Eczema: A Comprehensive Overview of Atopic Dermatitis and Treatments

What is Eczema?

Atopic Dermatitis (AD), more colloquially known as Eczema, is a skin condition characterized as “an itch that leaves a rash behind”, commonly leaving the skin red, blotchy, flaking, dry, and itchy. 15-30% of children and 2-10% of adults experience some degree of AD, with 60% of cases developing within the first year of life. AD most commonly localizes to the flexural surfaces of the skin (elbow-crease, knee-pits, hands, and other places that bend on itself or have frequent movement). While not life threatening, moderate-to-severe or chronic cases of AD can significantly impede sleep, increase irritability, and remarkably impact the social life, work life, and general quality of life. [1][2]

What Causes Eczema?

Itch itself is a sensation that is currently the subject of scientific study. There are many different types of itch, with many different pathophysiologies and mechanisms and can be produced by mechanical, heat, chemical, or electrical stimuli. The most common type of pruritoceptive itch, which is roughly described as “itch borne from skin damage and inflammation”. Evolutionarily, this type of itch was developed to protect against parasites that latch onto the skin, with itching as a mechanism to dislodge and remove the parasites. In modern times, most people experience itch in response to mosquito bites, poison ivy, or other skin irritations. As such, the itching sensation usually subsides when the wound heals and the source of inflammation clears out. However, those with AD tend to experience skin damage and inflammation without the acute injury. Continued itching and scratching creates more areas of inflammation and skin damage, creating an endless feedback loop of itching and inflammation. The seemingly spontaneous itchiness and inflammation is what makes eczema so persistent. [1][2][3][4][5]

Because there are many different things that can cause inflammation, there is no one single etiologic source of AD. A litany of genetic and environmental factors all influence each other, and affect skin damage, skin inflammation, and subsequent itch, leading to the wide variation of eczematous presentation. Ordinarily, your body uses the immune system to fight against potentially dangerous foreign entities like bacteria or viruses, and react differently with each organ system. For example, the immune system localizes to the lungs during an influenza infection. During a skin barrier disruption, such as a cut or wound, the immune system produces heat, swelling, and inflammation to the exposed area to fight against potential infection. While good against harmful foreign entities, the immune system can over react to neutral foreign entities, creating unnecessary itchiness and inflammation, resulting in conditions such as AD (fun fact: the immune system mistakenly targeting good and beneficial entities is the basis of autoimmune diseases). [1][2][3][6][7]

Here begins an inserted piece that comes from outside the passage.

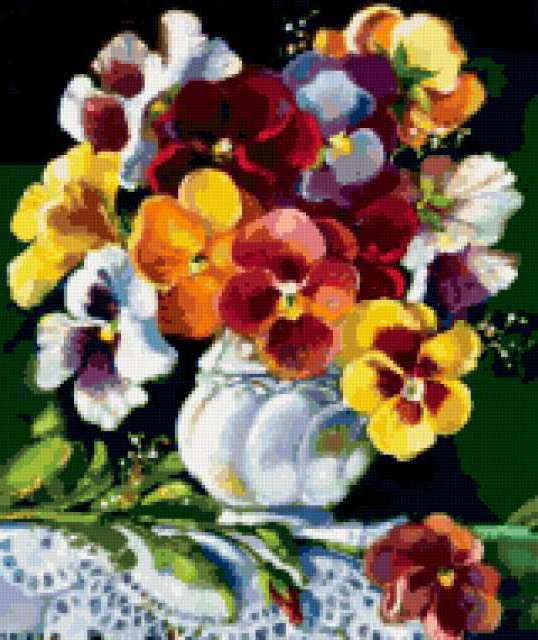 Ориентировочно так, схема вышивки «Unnamed-996232», созданная автором Luda49, будет выглядеть при отшиве на канве. Размер данной вышивки равен 160x190 крестов, при этом используется 85 цветов. К несчастью, автор не назначил для схемы ключевые слова. Также, вы можете взглянуть на оригинальную картинку, соответствующую данной схеме вышивки.

Different genetic and environmental factors can affect the severity of the inflammatory immune response to the otherwise neutral stimuli. A genetic predisposition for impaired skin barrier can make the skin more likely to break and prompt endogenous inflammation, and general immune dysregulation can make the immune system more likely to induce inflammation with no real threat present. Additionally, different exogenous environmental triggers such as allergies, infections, exogenous physical stimuli, and emotional stress can irritate the skin and create inflammatory responses. These combined factors cause the immune system to overreact to neutral stimuli, leading to inflammation and eczematous outbreaks. [1][2][3][8][9]

Genetic Causes of Eczema

Genetic factors play a significant role in skin barrier production, inflammation, and subsequent eczematous onset and severity. Most cases of eczema begin with a genetic component that becomes exacerbated by other environmental factors. Additionally, affected individuals with eczema usually see their children also develop eczema at some point in their life. While acute environmental instances of inflammation like a mosquito bite can create temporary itchiness, environmental factors alone cannot develop into the persisting itchiness characteristic of AD without genetic predisposition.  [1][2][3][8][9]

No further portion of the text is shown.